Eine 90-tägige In-vivo-Studie wurde durchgeführt, um die In-vivo-Pharmakokinetik von CAB-ISFIs bei weiblichen BALB/c-Mäusen zu bewerten (8–10 Wochen, Jackson Laboratory). Alle Experimente mit Mäusen wurden nach einem genehmigten Protokoll des Animal Care and Use Committee der University of North Carolina durchgeführt. Zu den Haltungsbedingungen für Mäuse gehörte ein 12-stündiger Hell-Dunkel-Zyklus bei einer Umgebungstemperatur von 68–72 °F und einer Luftfeuchtigkeit von 30–70 %. Mäusen wurden 50 µL der CAB ISFI-Formulierung mit einer 19-G-Nadel subkutan injiziert (n = 6 Mäuse). Nach 1 Stunde, 1 Tag, 3 Tagen, 7 Tagen, 30 Tagen, 60 Tagen und 90 Tagen wurde peripheres Blut von Mäusen in mit EDTA beschichteten Kapillarröhrchen gesammelt, um Plasma zu isolieren. Alle Proben wurden bis zur PK-Analyse bei –80 ° C gelagert. CAB wurde durch eine Flüssig-Flüssig-Extraktion aus Mausplasma extrahiert, gefolgt von einer Analyse mittels LC-MS/MS. Kurz gesagt, 25 μl Mausplasma wurden mit 40 μl 80:20 Wasser:Methanol, das das stabile, isotopenmarkierte 13C,2H2,15N-CAB enthielt, und 300 μl Ethylacetat gemischt. Nach dem Mischen und Zentrifugieren wurde die organische Schicht entfernt und zur Trockne eingedampft. Die Extrakte wurden vor der LC-MS/MS-Analyse mit 75 μl 75:25 Wasser mit 0,1 % Ameisensäure:Acetonitril mit 0,1 % Ameisensäure rekonstituiert. Die chromatographische Trennung wurde auf einer analytischen Säule Waters XTerra MS C18 (50 × 2,1 mm, 3,5 μm Partikelgröße) unter Gradientenbedingungen mit Detektion auf einem Triple-Quadruple-Massenspektrometer AB Sciex API-5000 durchgeführt. Der Kalibrierungsbereich für den Assay betrug 25–50.000 ng/ml. Kalibrierungsstandards und Qualitätskontrollproben lagen innerhalb von 15 % der Nennkonzentrationen.
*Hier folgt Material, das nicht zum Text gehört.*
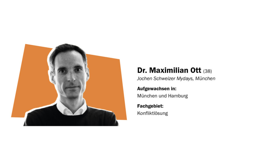 Unternehmer sein, das wollte Maximilian Ott schon immer. Als er in der Schule mal gefragt wurde, ob er bei einem Schülerunternehmen mitmacht, war seine Antwort: Ja, aber nur, wenn ich Vorstandsvorsitzender werde. Wurde er. Unternehmen findet Ott noch heute gut, vor allem, wenn man direkt oben einsteigt. Er ist der erste Jurist in einer Familie, in der es ansonsten beruflich viel um Zähne geht, vom Zahnarzt bis zum Zahntechniker. Nach dem Studium war er in mehreren Rechtsabteilungen tätig, Siemens, BMW, Burger King. Womöglich wäre Ott gar nicht in die Kanzleiwelt gewechselt, wenn er nicht 2010 bei Burger King den heutigen Eversheds-Litigation-Chef Joos Hellert kennen gelernt hätte, der ihn kurz darauf zu Eversheds holte. Von dort wechselte Ott 2018 zu Bub Gauweiler – kurz bevor die legendäre Kanzlei zerbrach und sich die Namenspartner gegenseitig mit Klagen überzogen. Ott gehörte zum Gauweiler-Lager und stritt in dessen neuer Kanzlei unter anderem für BMW gegen den FC Bayern München und für Asklepios gegen den Landkreis Goslar. Seit 2021 ist er General Counsel und Compliance Officer der Jochen Schweizer Mydays Group – und nebenbei, er kann das Prozessieren nicht lassen, Anwalt in eigener Kanzlei sowie Richter am Anwaltsgericht München.
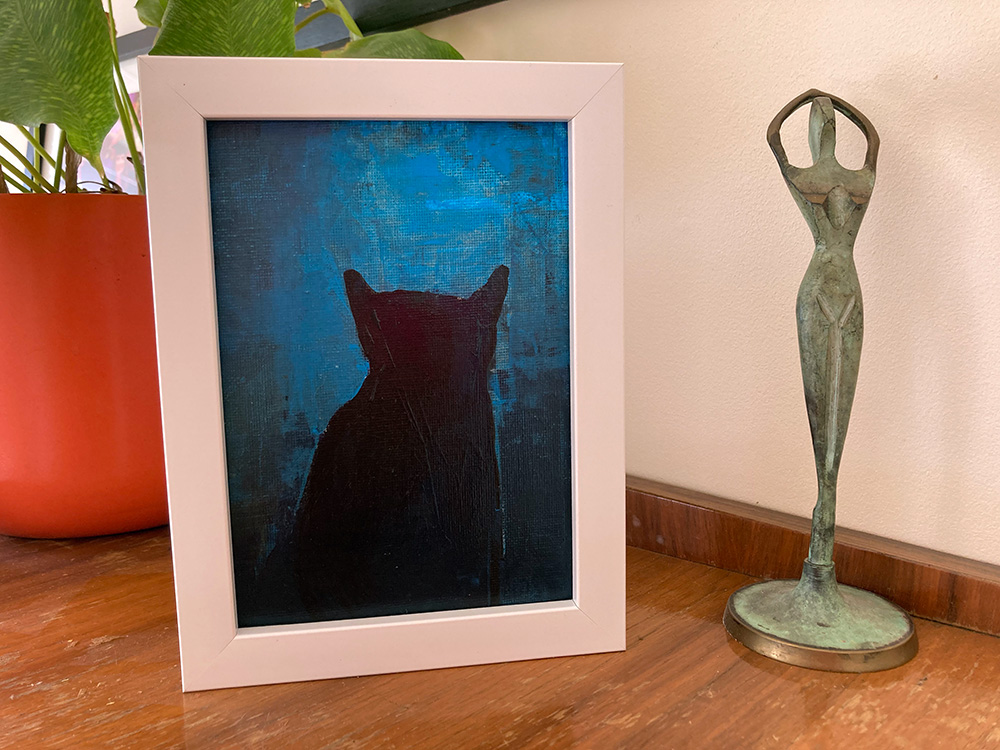 ‘Black cat – Max on blue’. Painting cats are my reset, this is my cat Max painted in a more kitteny way. Someone asked why I don’t paint the front – I guess I’m just used to seeing the back of my cat unless its feeding time – she’s the outdoorsy type. If cats went clubbing – you’d find her in Ibiza!

Um die Fähigkeit zur sicheren Entfernung eines ISFI nach der Verabreichung im Falle unerwünschter Ereignisse zu beurteilen, wurden weiblichen BALB/c-Mäusen (8–10 Wochen, Jackson Laboratory) (n = 18) CAB-ISFIs subkutan injiziert (50 µL) und die ISFIs entfernt am Tag 30 (n = 6), 60 (n = 6) und 90 (n = 6). Alle Experimente mit Mäusen wurden nach einem genehmigten Protokoll des Animal Care and Use Committee der University of North Carolina durchgeführt. Zu den Haltungsbedingungen für Mäuse gehörte ein 12-stündiger Hell-Dunkel-Zyklus bei einer Umgebungstemperatur von 68–72 °F und einer Luftfeuchtigkeit von 30–70 %. Mäuse wurden eingeschläfert und ISFIs wurden durch einen kleinen Einschnitt neben der Injektionsstelle 30 (n = 6), 60 (n = 6) und 90 Tage (n = 6) nach der Verabreichung entfernt. Am 30., 60. und 90. Tag extrahierte ISFIs wurden weiterverarbeitet, um den Massenverlust und die Abnahme des Polymermolekulargewichts durch GPC-Analyse (n = 3/Zeitpunkt) zu bewerten und den restlichen Wirkstoff zu quantifizieren (n = 3/Zeitpunkt). Um die verbleibende Arzneimittelkonzentration zu quantifizieren, wurde überschüssiges Gewebe vorsichtig von den Implantaten entfernt. Implantate wurden in ACN eingesetzt, um die Arzneimittelextraktion zu erleichtern, und die verbleibende Arzneimittelkonzentration wurde durch HPLC-Analyse quantifiziert.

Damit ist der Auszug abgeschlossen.